Во всех четырех историях дети сами решали, чем им заниматься. Это базовый принцип подхода: инициатива в игровой комнате полностью отдается ребенку. Каждый из мальчиков использовал время наших встреч по своему усмотрению. Митя выдирал фигурки футболистов с поля и топил дельфинчиков. Андрюша инициировал поединки Буратино и лесных обитателей. Саша рисовал стихийные бедствия и устраивал битвы пластилиновых бойцов. Петя швырял пластмассового Чиполлино, выдувал мыльные пузыри и решал математические примеры.

Я ни о чем не расспрашивала мальчиков. И, разумеется, не рассуждала о том, как надо управляться с гневом, к примеру. В фокусе нашего общения ни разу не появилась ни одна так называемая психологическая проблема. При этом родители всех ребят отмечали те или иные улучшения в их поведении.

Как это вообще возможно? Ведь дети, как может показаться на первый взгляд, «просто играли».

О важности свободной игры для душевного благополучия ребенка было подробно написано в прологе. Здесь же отмечу, что в нашем подходе игра рассматривается как язык ребенка, способ его самовыражения. Обратите внимание: жизненные истории мальчиков не отражались в их игре напрямую. Митя не брал фигурки мамы, папы, мальчика и младенца. Андрюша не играл в больницу. Собака появилась в сюжете Саши один раз, совсем ненадолго. Петя не инсценировал сцены общения с одноклассниками и ребятами со своего двора.

Но. В игровой активности детей выражались самые настоящие чувства и переживания. До терапии они не имели возможностей (внутренних и/или внешних) признать и адекватно выразить их. Митя не мог в полной мере понять и грамотно обойтись со своим негодованием по поводу рождения сестрички. Андрюша испытал страх и бессилие в ходе болезненных медицинских манипуляций. Саша пережил ужас во время нападения собаки. В жизни Пети был эпизод, когда на него напали несколько мальчиков, и сопротивляться им в полной мере он не мог.

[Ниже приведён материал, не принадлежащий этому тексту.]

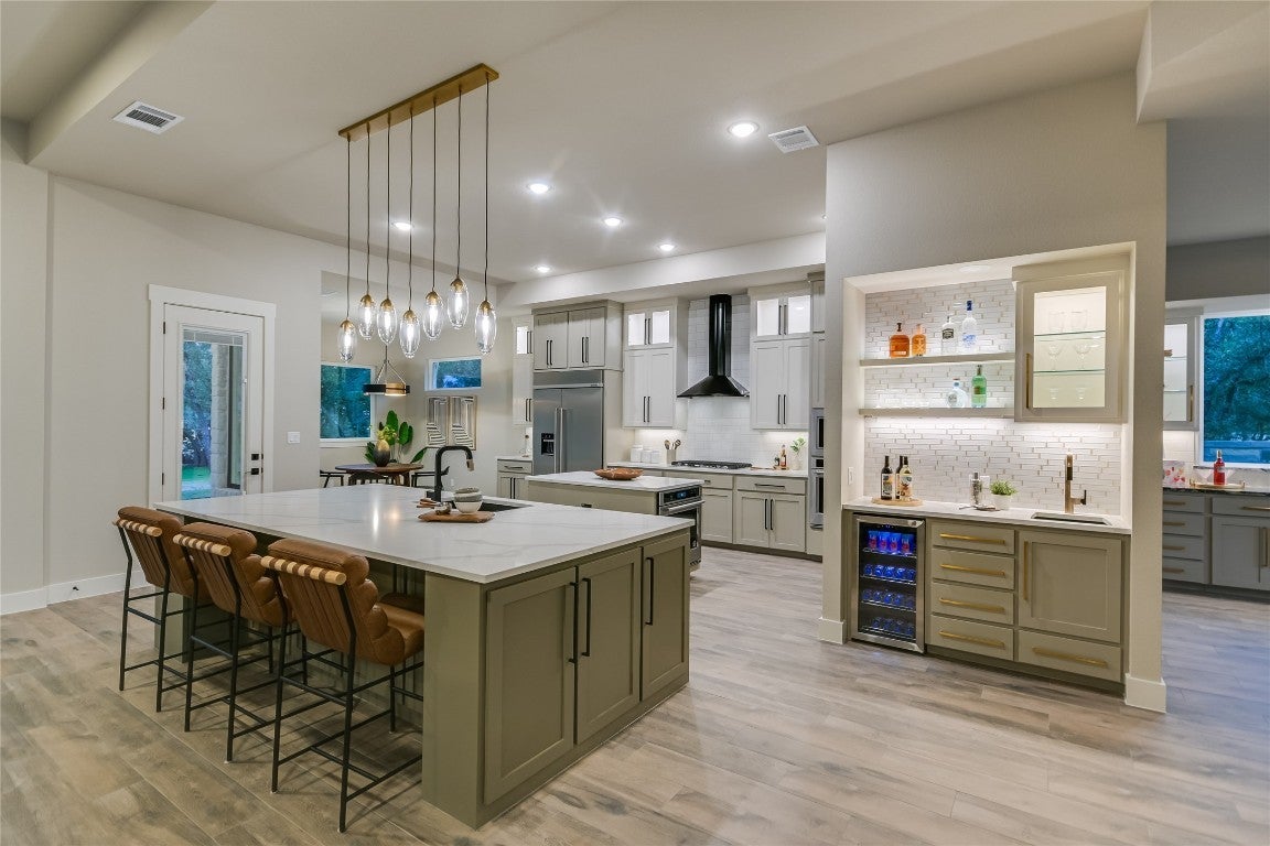 - Built-In Refrigerator, Convection Oven, Double Oven, Dryer, Dishwasher, ENERGY STAR Qualified Appliances, Disposal, Gas Water Heater, Microwave, Propane Cooktop, Range Hood, Stainless Steel Appliance(s), Vented Exhaust Fan, Wine Refrigerator, Washer, Warming Drawer

В игровой комнате эти ребята встретились с изнаночной стороной испытанного страха – ядерными запасами гнева. Эти боеприпасы, хранившиеся на дне души, стали взрываться один за другим, как только позволила ситуация. Кабинет на время словно бы стал специальным, предназначенным для этого, полигоном.

Будучи признанными и прожитыми, болезненные переживания теряют власть над поведением и состоянием человека, перестают рулить им, по-партизански появляясь, откуда не ждали. В полной мере проявляясь, выражая себя в игровой комнате, ребенок наводит порядок в закоулках своей души. В итоге Митя обнаружил способность мирно уживаться с родителями, Андрюша стал освобождаться от плаксивости и боязливости, у Саши пропало желание перестрелять всех вокруг, а Петя начал восстанавливать способность нормально общаться со сверстниками.